In general I have a distaste for Google apps. The design has improved but is still lacking , it uses small text at times, and is never truly enjoyable to use. But it gets the job done. It will suffice.

Teux Deux for Tasks

I put tasks like “Send Email about CoWork day-rate promotions” or “write .Net Focus On article” into the correct day in Teux Deux. I can place the task in today’s column, or in a column down the week. My tasks need to be short titled since there’s a character limit based on the width of the fluid columns, a constraint I appreciate.

Why Teux Deux makes me pump my task fist

  • Automatic task movement: if I don’t complete my tasks Teux Deux simply moves the task to the next day.
  • Five day week: The app focuses on my work week, and softly suggests that not looking at my tasks over the weekend might be a good thing. Well done Teux Deux.
  • Multiple accounts: I actually don’t use this yet, but I think I could get behind this. For one it allows me to have a personal task list and a work task list, but it also allows Jamin to have a task list for himself and I can give him my credentials to login to my task list and add tasks for me. #highfive.
  • iPhone App: Having a syncing iPhone app was an absolute must for me. It helps me get tasks down during meetings quickly.
  • Someday: I have a five column structure to add tasks that need to get off of the weekday view like “write that article about Grok” or “get armband tattoos”

Visually, Teux Deux isn’t a traditional Apple style and at first I wasn’t sure I could get behind the SwissMiss sparse simplicity. After using the app for a couple weeks now I can say that although I might add a few pixels padding to things on the web and iPhone app, I actually really appreciate the pairing down that is required to get the interface to be this refined.

I’d heard people rave about this very witty little app from the duo of Swissmiss and FictiveKin, but until I began using it myself I didn’t realize how perfect it is for my particular flow, but I can imagine there are a host of people who its never going to work for. There’s no tagging, no syncing with basecamp, no project based management. This little app doesn’t try to be anything but it’s simple self.

SimpleNote for Notes

I see notes as lists of ideas, or threads of thinking, thoughts on a project, etc. I need notes to just get this stuff out of my head. If its not actionable then I don’t put it in Teux Deux.

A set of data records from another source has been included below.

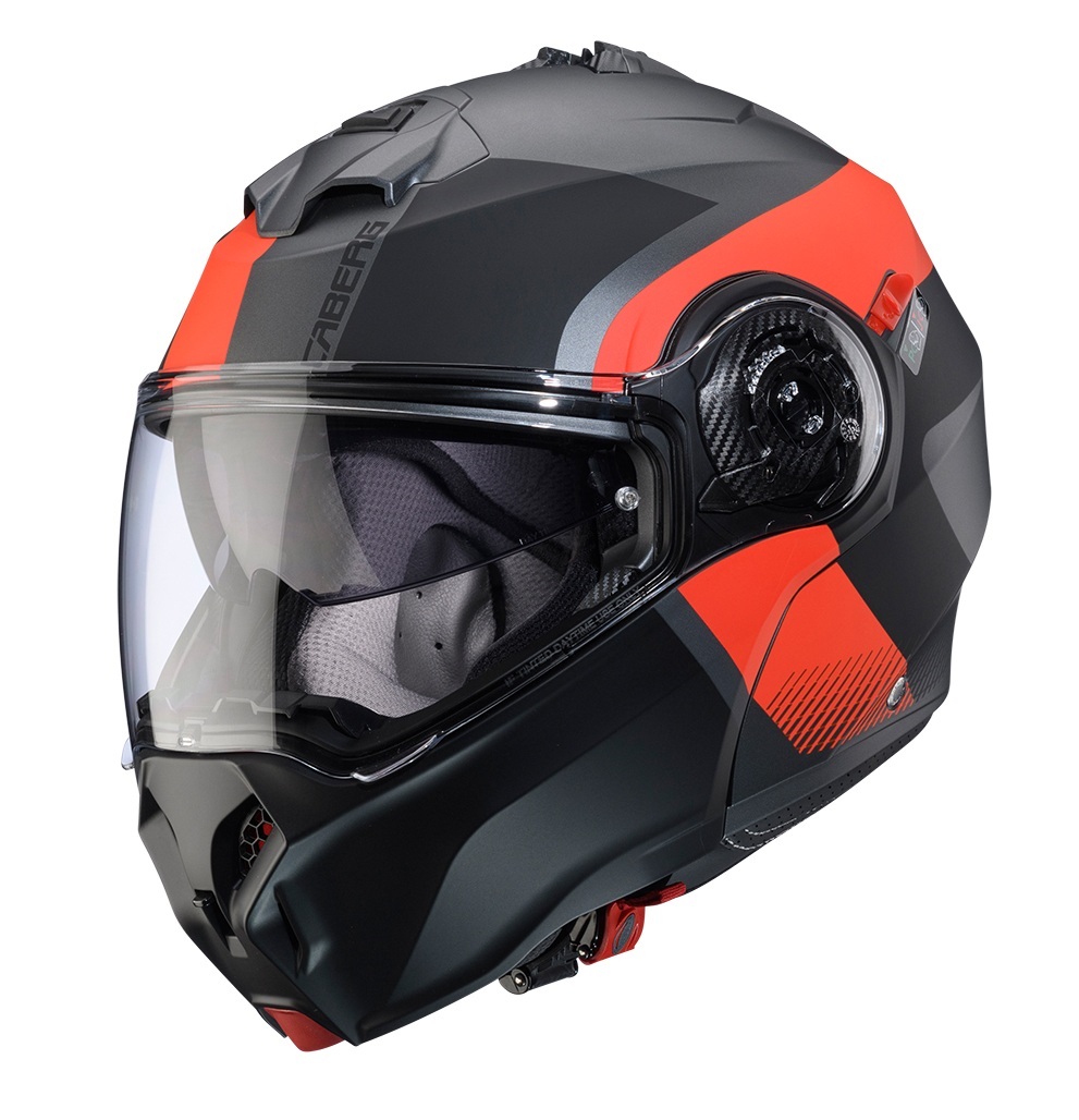 Casca modulabila (flip-up) Caberg model Duke Evo SV Indy L2 gun metal (titanium)/rosu fluor/negru mat Pinlock ready – lentila Pinlock inclusa
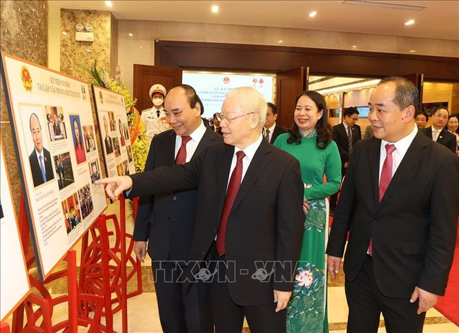 | Tổng Bí thư Nguyễn Phú Trọng, Chủ tịch nước Nguyễn Xuân Phúc xem một số hình ảnh trưng bày tại lễ kỷ niệm. |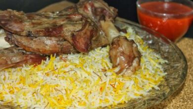 • نضع اللحم، والأرز في طبق التقديم، ونقدمه ساخناً.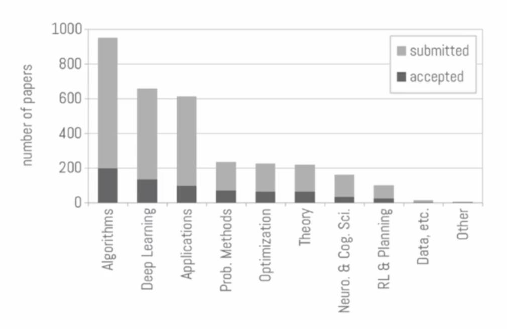 本次大会的内容涵盖了机器学习、神经科学、认知科学、心理学、计算机视觉、统计语言学和信息论等156个领域。在今年提交的3240篇论文中,679篇被接受,接受比例只有21%,入选论文中有527篇posters,112篇spotlights和40篇orals。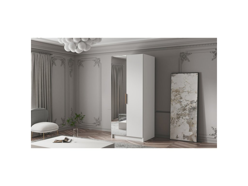 Šatní skříň BODRUM 100 II - bílá/zlaté úchytky

Why I want to be more like SimpleNote

  • Simple: This app is so freakin’ simple. Just write something down and the first line becomes the title.
  • Tagging: To help with sorting of large amounts of notes.
  • Sharing & Publishing: by tagging a note with an email address I can share it with that person, or I can even publish the note to the web so others can see my thoughts.
  • Syncing: SimpleNote has Web, iPhone, and iPad applications, and they all stay thoroughly up to date.
  • Searching: quick searching is one of the best features of this little app. I can find notes on anything with a few quick touches and a keyword.
  • Focused Interface: The minimal interface gets out of the way. The constraints like no text styling make you think hard about how to get stuff into the app in ways that keep you focused on just taking notes.
  • API: I have no idea what you would do with this, but dang it a note app with an API?! That’s forward thinking guys. Nicely done.

Putting Everything in a Site Specific Browser

Lastly, I put all this stuff in a Site Specific Browser using Fluid App. This helps me keep these things as separate apps in my workflow. I’m not into using Chrome with a million tabs open. I use Chrome for browsing, not for working. I do wish Chrome would come out with a clone of Fluid Apps which is presently run through a Safari style webkit.

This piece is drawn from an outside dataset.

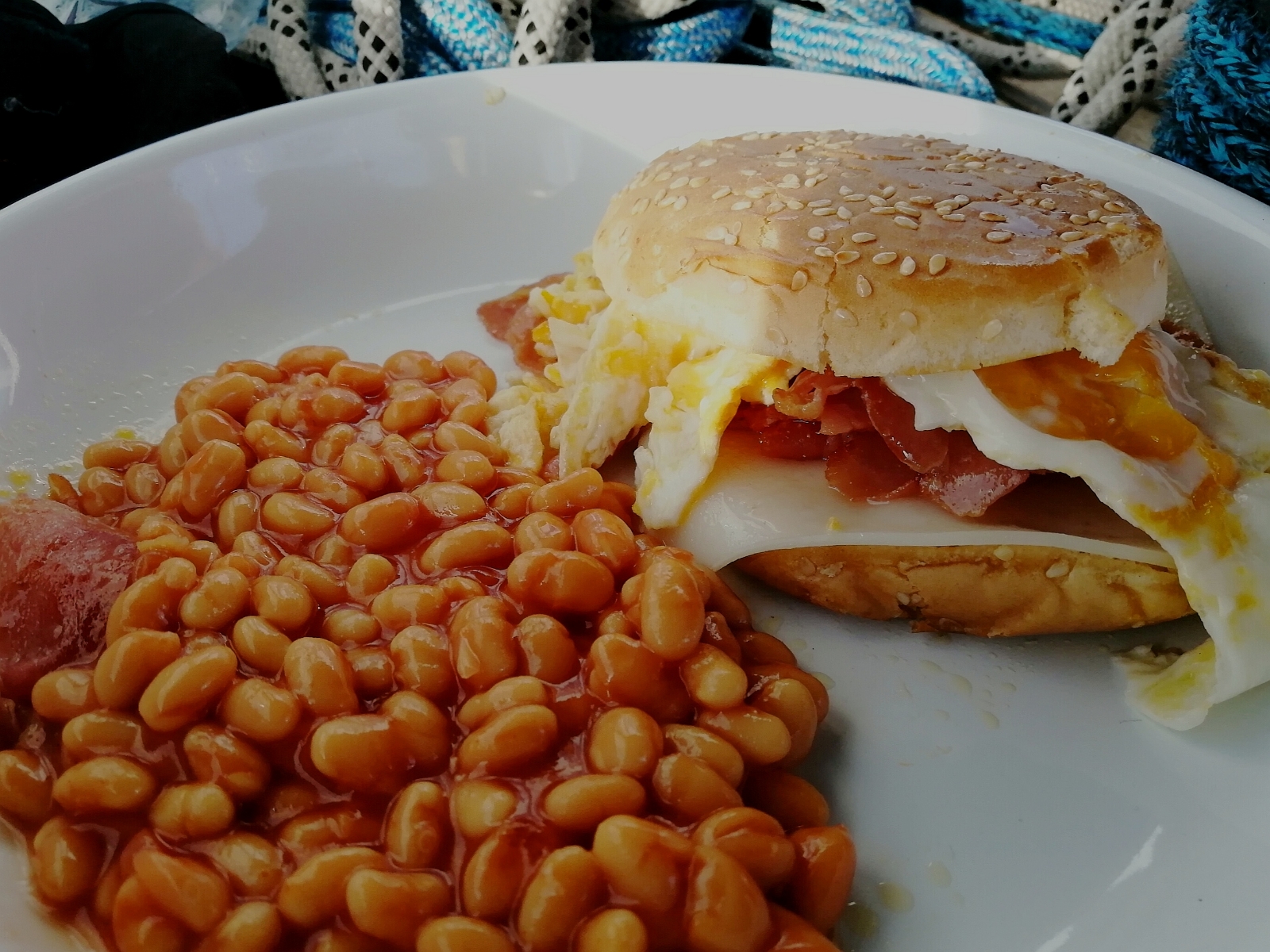 08:30 Frühstück. Wer von uns beiden gerade unter Deck geschlafen hat bringt Kaffee und Frühstück mit ins Cockpit. Meistens halten wir das Frühstück einfach – ein Dolci, Brot mit Marmelade, Kuchen. Zur Halbzeit kredenzt uns Bernhard ein full english breakfast. Die vielen britischen Teilnehmer der ARC haben uns auf den Geschmack gebracht. Panisch haben wir vor dem Ablegen noch zwei Dosen Heinz baked beans gekauft, nachdem andere Schiffe erzählen, ganze Kästen damit gefüllt haben. Allerdings wurden auf anderen Booten auch Unmengen von Zitronen gehortet (Angst vor Skorbut?). Unsere eine ist noch da. Dem Frühstück folgt oft eine kurze Aufräumrunde (Zeug für die Nachtfahrt weg, Sonnenbrillen her etc.) und gegebenenfalls Änderungen der Segelstellung. In der Nacht nehmen wir es eher in Kauf langsamer zu sein oder einen leicht falschen Kurs zu fahren.

Specifically for SimpleNote I use a UserScript called SimpleNote Restyled that helps the app get ultra clean and look & feel like an iPad app, which I adore.

Summarize It

This is my flow. I have no idea if it would work for you, but for me this has been a great leap forward. Separation is key. I suppose there could be one app that did these things in some kind of magical integrated way and yet remained simple enough to get out of the way - as of yet, that app doesn’t exist.